- EXERCISE BRIEF -
Everything from the line with "LỚP 4 - NĂM HỌC ……………. MÔN: TOÁN Lớp: 4 ..." down to the line with "I also should" below must be printed exactly, those two lines included. Exclude pictures.

Start of RAW DATA

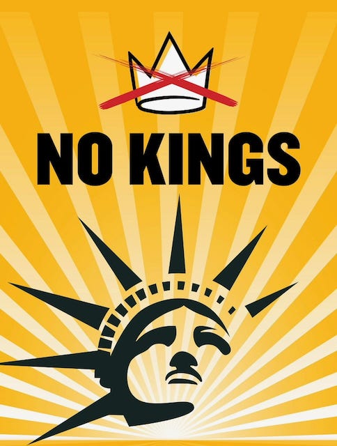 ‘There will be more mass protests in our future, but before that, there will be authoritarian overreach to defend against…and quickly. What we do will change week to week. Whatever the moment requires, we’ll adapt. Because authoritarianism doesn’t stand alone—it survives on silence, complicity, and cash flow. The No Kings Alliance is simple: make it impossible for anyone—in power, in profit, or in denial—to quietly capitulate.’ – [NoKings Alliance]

End of RAW DATA
Start of RAW DATA

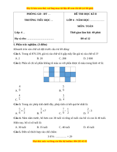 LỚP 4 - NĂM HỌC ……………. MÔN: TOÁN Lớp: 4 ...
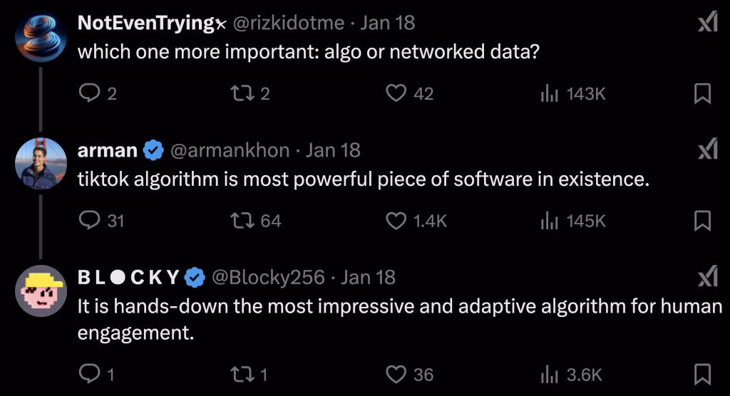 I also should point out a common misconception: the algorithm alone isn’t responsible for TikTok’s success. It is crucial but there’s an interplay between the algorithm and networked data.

End of RAW DATA

- OUTPUT OF THE EXERCISE -
 LỚP 4 - NĂM HỌC ……………. MÔN: TOÁN Lớp: 4 ...
 I also should point out a common misconception: the algorithm alone isn’t responsible for TikTok’s success. It is crucial but there’s an interplay between the algorithm and networked data.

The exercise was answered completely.